■ RECORD SET
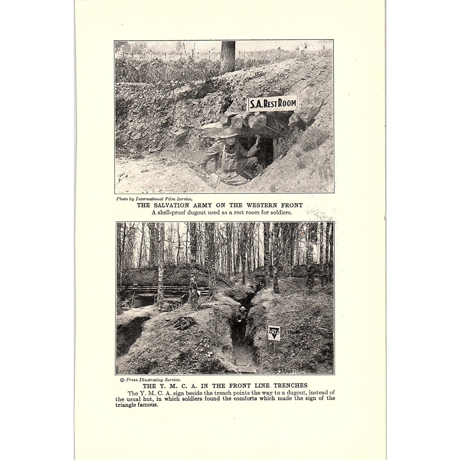 Salvation Army on Western Front, YMCA in Front Line Trenches 1919 WWI Print AF9-18
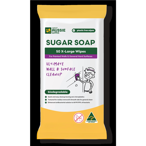 Great Aussie SUGAR SOAP wipes are the go to wipes for general clean up of painted walls and surfaces to remove grime, dirt, scuff marks, finger prints, food residues and general surface deposits. Made of tough plant based textured fabric, SUGAR SOAP wipes ensure your home and workplace are safe and free of any microplastics after surfaces are wiped down. Made with textured facing to support the removal of stubborn and heavier residues and a smooth facing for general clean up. Enhanced with antibacterial properties to kill 99.99% of germs and bacteria left on surfaces. Key Features Quick and easy cleanup leaving zero mircoplasticsTextured for residue removal & smooth side for general cleanEnhanced antibacterial solution to kill 99.99% of bacteria
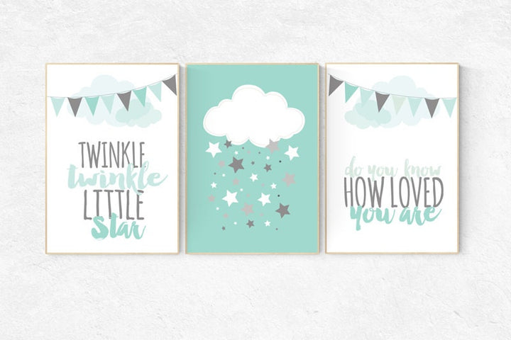 Mint nursery decor, Twinkle Twinkle Little Star, gender neutral baby, new baby gift, mint gray, baby room decor, kids room decor, playroom
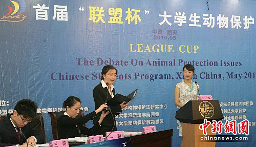 5月5日,全国首届“联盟杯”大学生动物保护辩论赛启动仪式在西北政法大学举行。本次辩论赛是由西北政法大学动物保护法研究中心,西北政法大学动物保护教育联盟,香港动物守护神公益机构联合发起,由西北政法大学、西安电子科技大学、西安石油大学、西安科技大学等高校团委联合主办。
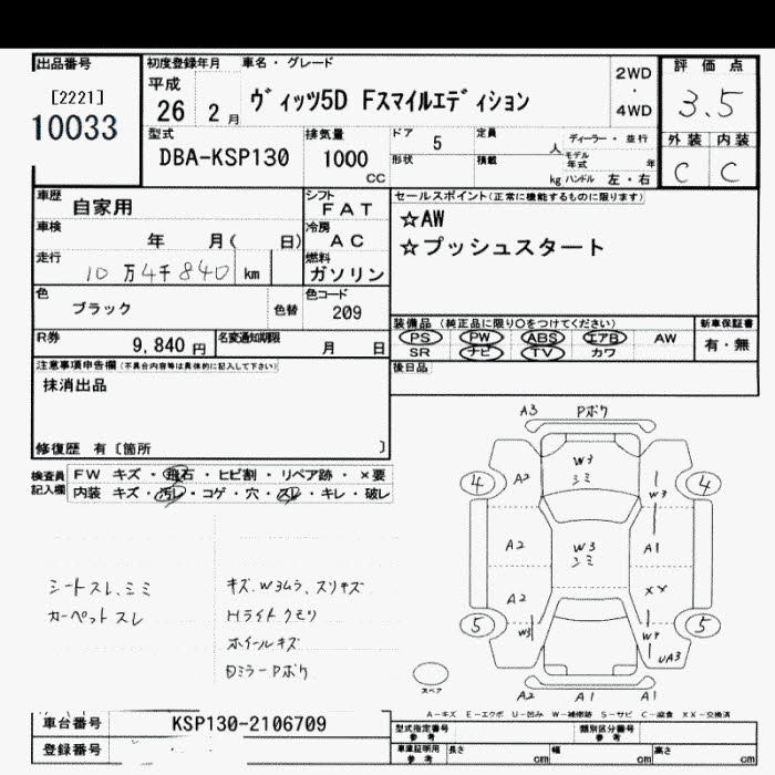 TOYOTA VITZ 2014 г., лот № 10033
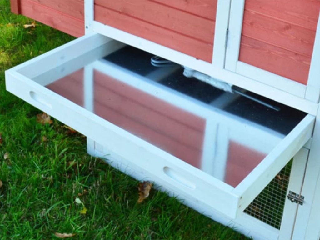 Čištění kurníku zvládnete hravě během chvilky díky výsuvnému trusníku. Také čištění snáškového hnízda nebude problém, díky výklopné stříšce.

■ WHAT TO DO
The listing above is to be retyped word for word, with the pictures omitted.

■ TASK ANSWER
 Salvation Army on Western Front, YMCA in Front Line Trenches 1919 WWI Print AF9-18
 Great Aussie SUGAR SOAP wipes are the go to wipes for general clean up of painted walls and surfaces to remove grime, dirt, scuff marks, finger prints, food residues and general surface deposits. Made of tough plant based textured fabric, SUGAR SOAP wipes ensure your home and workplace are safe and free of any microplastics after surfaces are wiped down. Made with textured facing to support the removal of stubborn and heavier residues and a smooth facing for general clean up. Enhanced with antibacterial properties to kill 99.99% of germs and bacteria left on surfaces. Key Features Quick and easy cleanup leaving zero mircoplasticsTextured for residue removal & smooth side for general cleanEnhanced antibacterial solution to kill 99.99% of bacteria
 Mint nursery decor, Twinkle Twinkle Little Star, gender neutral baby, new baby gift, mint gray, baby room decor, kids room decor, playroom
 5月5日,全国首届“联盟杯”大学生动物保护辩论赛启动仪式在西北政法大学举行。本次辩论赛是由西北政法大学动物保护法研究中心,西北政法大学动物保护教育联盟,香港动物守护神公益机构联合发起,由西北政法大学、西安电子科技大学、西安石油大学、西安科技大学等高校团委联合主办。
 TOYOTA VITZ 2014 г., лот № 10033
 Čištění kurníku zvládnete hravě během chvilky díky výsuvnému trusníku. Také čištění snáškového hnízda nebude problém, díky výklopné stříšce.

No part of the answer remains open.